The books contain the distinctive use of British English. One Canadian reviewer writes that Templar's style is in neither of the "iron fisted" or "fuzzy warm" camps prevalent in American management books, but mixes both.

==Bibliography==

- The Rules of Management: The Definitive Guide to Managerial Success (Paperback - 30 Nov 2004)
- The Rules of Life: A Personal Code for Living a Better, Happier, More Successful Kind of Life (Paperback - 8 Nov 2005)
- The Rules of Wealth: A Personal Code for Prosperity (Paperback - 31 Oct 2006)
- The Rules of Parenting: A Personal Code of Raising Happy, Confident Children (Paperback - 3 March 2008)
- The Rules of Love: A Personal Code for Happier, More Fulfilling Relationships (Pearson Education Limited, UK 2009)

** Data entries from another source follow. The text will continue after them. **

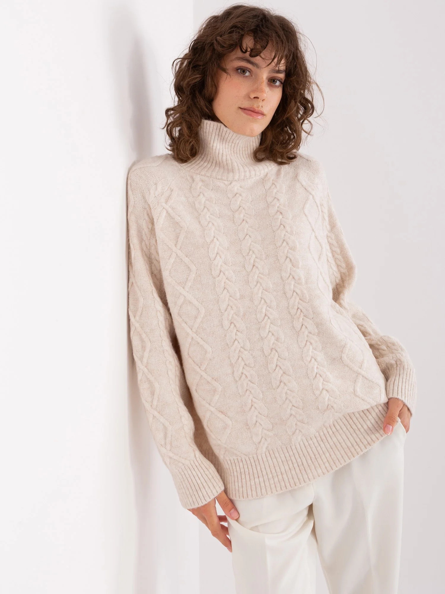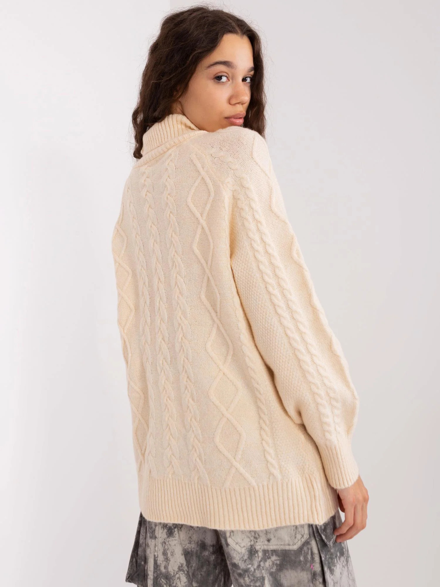 Rozměry svetru v jedné velikosti měřené na plocho: šířka v podpaží - 70 cm, délka rukávu - 60 cm, celková délka - 67 cm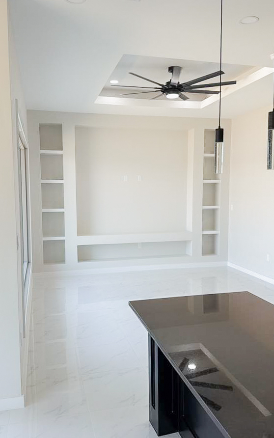 This available beautiful Sevilla Alternate home is a stylish one-story home with three bedrooms, two bathrooms, and a two-car garage, featuring a walk-in pantry and an interior washer and dryer room. Designed with high ceilings and elegant finishes, including marble, granite, and quartz, it offers a bright and sophisticated living space.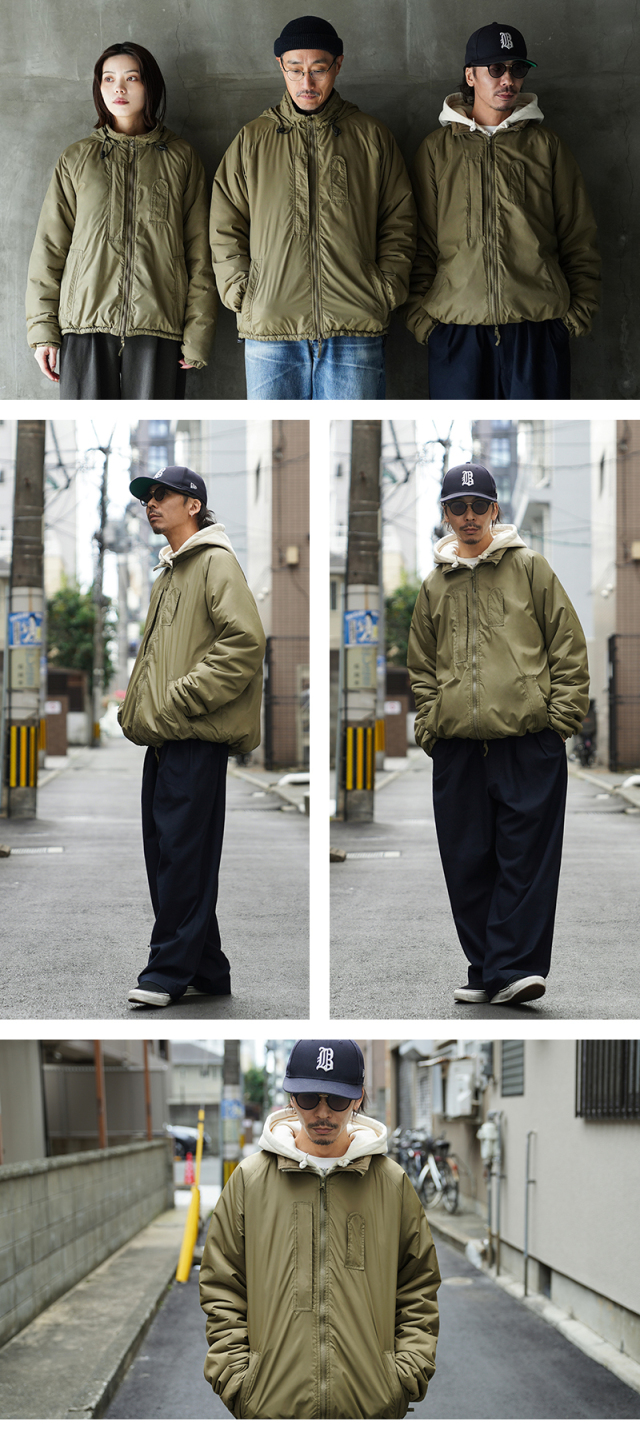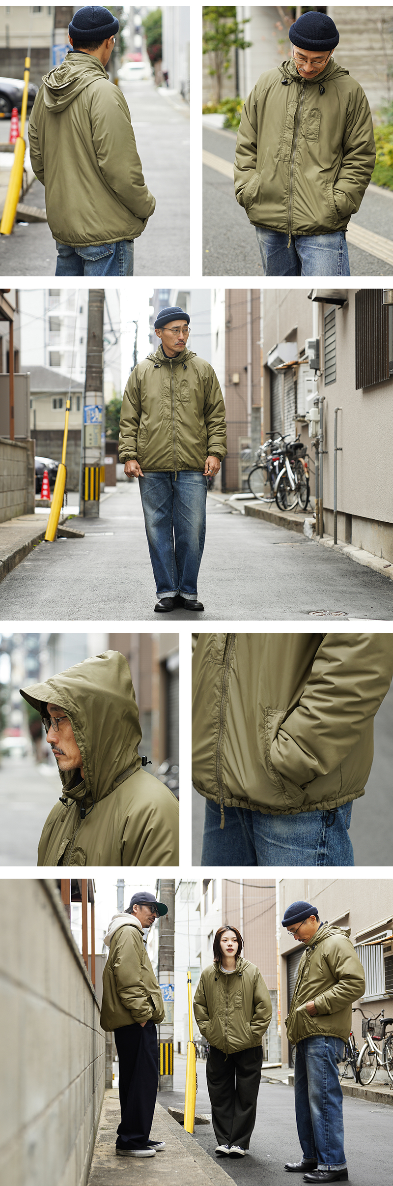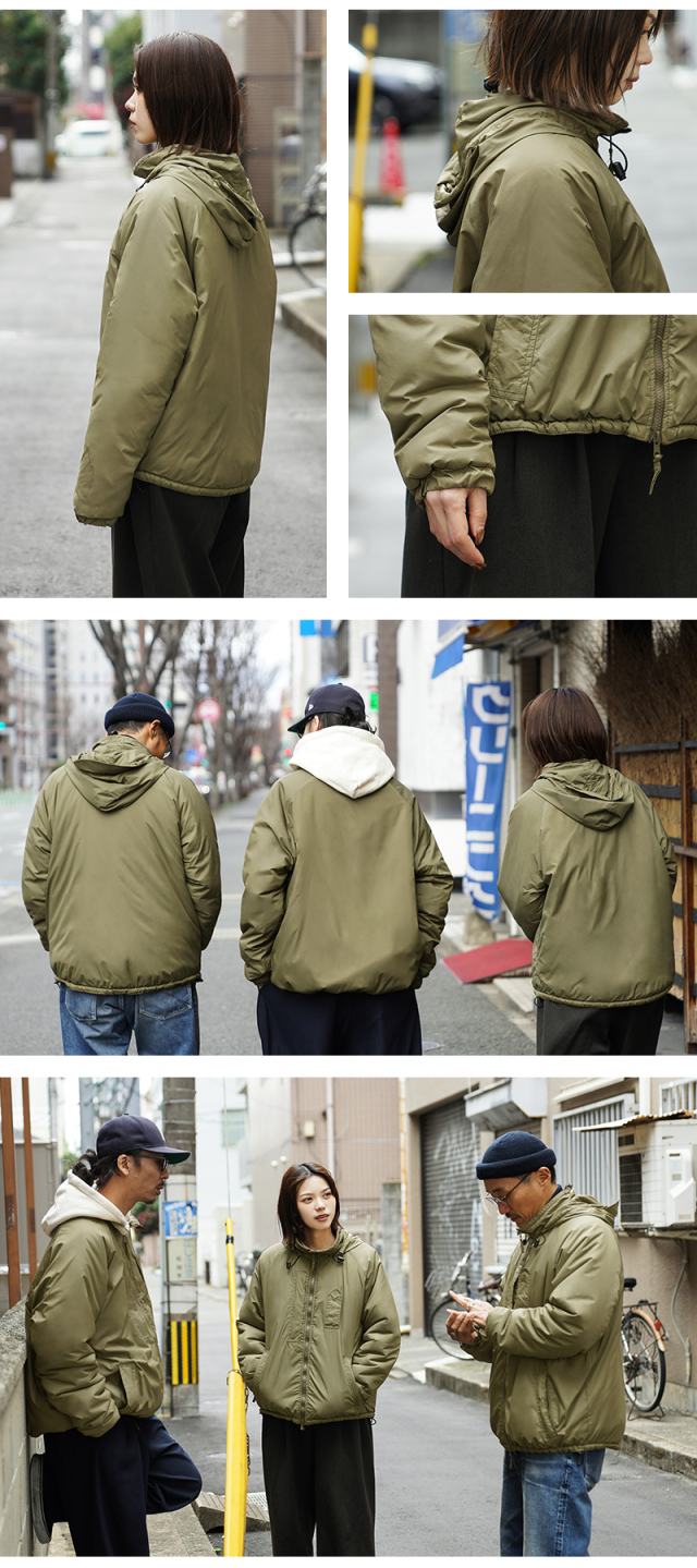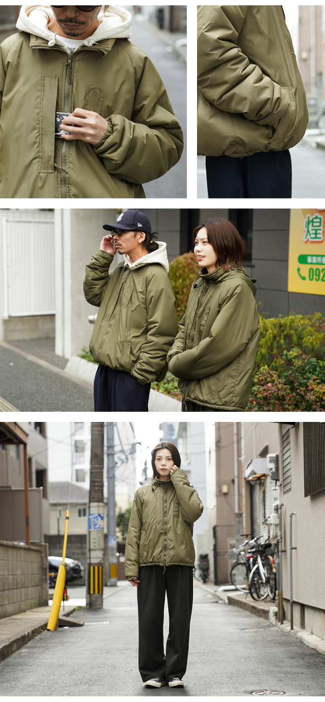 イギリス軍独自のレイヤリングシステム、PCS(Personal Clothing System)の中綿入りのジャケットになります。素材には撥水性の高いマイクロリップストップナイロンを採用し、軽量で保温性に優れたジャケットです。スタンドカラーデザインで、襟の内側はキメの細かい肌触りの良いフリース生地により保温性を高めています。襟にはフードが収納されており、フードや裾のサイドにはドローコードで調節可能なデザインです。

- The Rules of Work, Expanded Edition: A Definitive Code for Personal Success (FT Press, June 22, 2010)
- The Rules of People, A Personal Code for getting the best from everyone (Pearson Education Limited, UK 2018)
- The Rules of Thinking, A Personal Code to think yourself smarter, wiser and happier (Pearson Education Limited, UK 2019)
- How To Get Things Done (without trying too hard), Expanded Edition (Pearson Education Limited, UK 2009)
- How to Spend Less Without Being Miserable (Pearson Prentice Hall 2009)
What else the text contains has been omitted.